- **EXERCISE OBJECTIVE**: An exact restatement of all the data is required, with the pictures left out.

- **INFORMATION PROVIDED**:
----
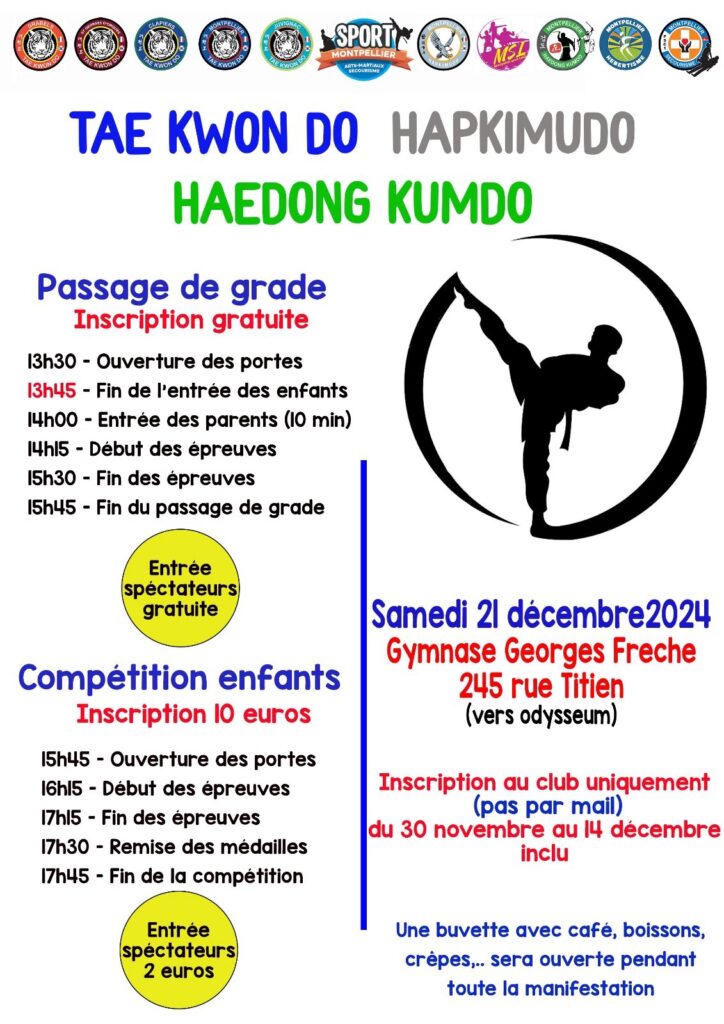 Le passage de grade et la compétition enfant se dérouleront le 20 décembre au Gymnase Georges Frêche (245 rue le
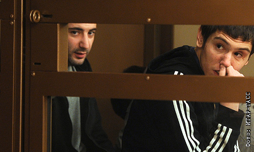 Ислам Яндиев и Башир Хамхоев (слева направо), обвиняемые по делу о теракте в аэропорту "Домодедово" 25 января 2011, в Московском областном суде.
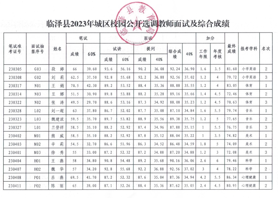 临泽县2023年城区校园公开选调学科教师面试及综合成绩公示
----
- **YOUR RESPONSE**:
 Le passage de grade et la compétition enfant se dérouleront le 20 décembre au Gymnase Georges Frêche (245 rue le
 Ислам Яндиев и Башир Хамхоев (слева направо), обвиняемые по делу о теракте в аэропорту "Домодедово" 25 января 2011, в Московском областном суде.
 临泽县2023年城区校园公开选调学科教师面试及综合成绩公示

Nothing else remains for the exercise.